Delete a document by an id.

$db->exists_document_by_uri($uri)

Check whether the document by a uri exists.

$db->exists_document_by_id($id)

Check whether the document by an id exists.

$db->get_next_document()

Get the next document.

$db->search_document($word)

Search the inverted index for documents including a particular word. Return values are array of id.

$db->search_document_count($word)

Get number of documents including a word.

QDBM_File::InvertedIndex->merge($filename, @filenames)

Merge plural database directories.

$db->get_scores($doc, $max)

Get keywords of document in normalized form and their scores. $max specifies the max number of keywords to get.

$db->set_tuning
    $db->set_tuning(
        $index_buckets,
        $inverted_index_division_num,
        $dirty_buffer_buckets,
        $dirty_buffer_size
    );

Set the global tuning parameters. $index_buckets specifies the number of buckets for inverted indexes. $inverted_index_division_num specifies the division number of inverted index. $dirty_buffer_buckets specifies the number of buckets for dirty buffers. $dirty_buffer_size specifies the maximum bytes to use memory for dirty buffers.
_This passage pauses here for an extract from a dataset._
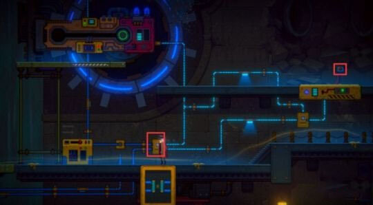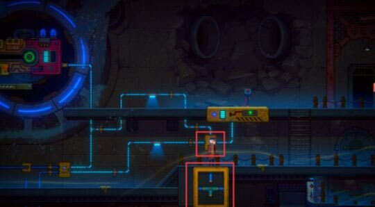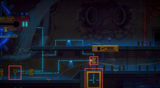 继续往下走,按照图示调整水车下方的电分流器,确保电路布局和图中所示完全相同。之后前往右侧区域,按下升降台的红色控制按钮,升降台便会升起。

The default setting is equivalent to (32749, 7, 262139, 8388608). This method should be called before opening a database.

$db->set_char_class($space, $delimiter, $glue)
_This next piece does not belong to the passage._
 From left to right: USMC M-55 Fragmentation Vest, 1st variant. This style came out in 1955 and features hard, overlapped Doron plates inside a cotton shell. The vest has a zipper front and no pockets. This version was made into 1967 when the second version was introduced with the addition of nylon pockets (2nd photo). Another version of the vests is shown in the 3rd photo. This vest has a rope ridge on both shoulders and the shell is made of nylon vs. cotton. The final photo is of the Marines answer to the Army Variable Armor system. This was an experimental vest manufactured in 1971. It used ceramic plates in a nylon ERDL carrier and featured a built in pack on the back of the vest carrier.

Set the classes of characters used by analyze_text(). $space spacifies a string contains space characters. $delimiter spacifies a string contains delimiter characters. $glue spacifies a string contains glue characters.

$db->analyze_text($text)

Break a text into words and return appearance forms and normalized form into lists.

QDBM_File::InvertedIndex->analyze_text($text)

Break a text into words in appearance form. Words are separated with space characters and such delimiters as period, comma and so on.

QDBM_File::InvertedIndex->normalize_word($word)

Get normalized form of a word.

$db->query($query)

Query a database using a small boolean query language. Return values are list of id.

    @doc_id = $db->query("There | more"); # "There" || "more"
    @doc_id = $db->query("There & foo");  # "There" && "foo"
    @doc_id = $db->query("There ! foo");  # "There" && !"foo"
    @doc_id = $db->query("There & (more | foo)");

Document Methods

QDBM_File::InvertedIndex::Document->new($uri)

Create QDBM_File::InvertedIndex::Document object. $uri specifies the uri of a document. The id number of a new document is not defined. It is defined when the document is stored in a database.

$doc->set_attribute($name, $value)

Add an attribute to the document.

$doc->get_attribute($name)

Get an attribute of the document.

$doc->add_word($normalized_word, $appearance_word)

Add a word to the document. $normalized_word specifies the string of the normalized form of a word. Normalized forms are treated as keys of the inverted index. $appearance_word specifies the string of the appearance form of the word.

$doc->get_uri()

Get uri of the document.

$doc->get_id()

Get id of the document.

$doc->get_normalized_words()

Return words of the document in normalized form.

$doc->get_appearance_words()

Get words of the document in appearance form.

$doc->get_scores($max, [$db])

Get keywords of document in normalized form and their scores. $max specifies the max number of keywords to get. $db specifies QDBM_File::InvertedIndex object with which the IDF for weighting is calculate.

AUTHOR

Toshiyuki Yamato, <toshiyuki.yamato@gmail.com>

BUGS AND WARNINGS

Currently umask flags is ignored implicitly, 0644 is always used. It is used for other dbm modules compatibility.

SEE ALSO

DB_File, perldbmfilter.

COPYRIGHT & LICENSE

Copyright 2007-2009 Toshiyuki Yamato, all rights reserved.

This program is free software; you can redistribute it and/or modify it under the same terms as Perl itself.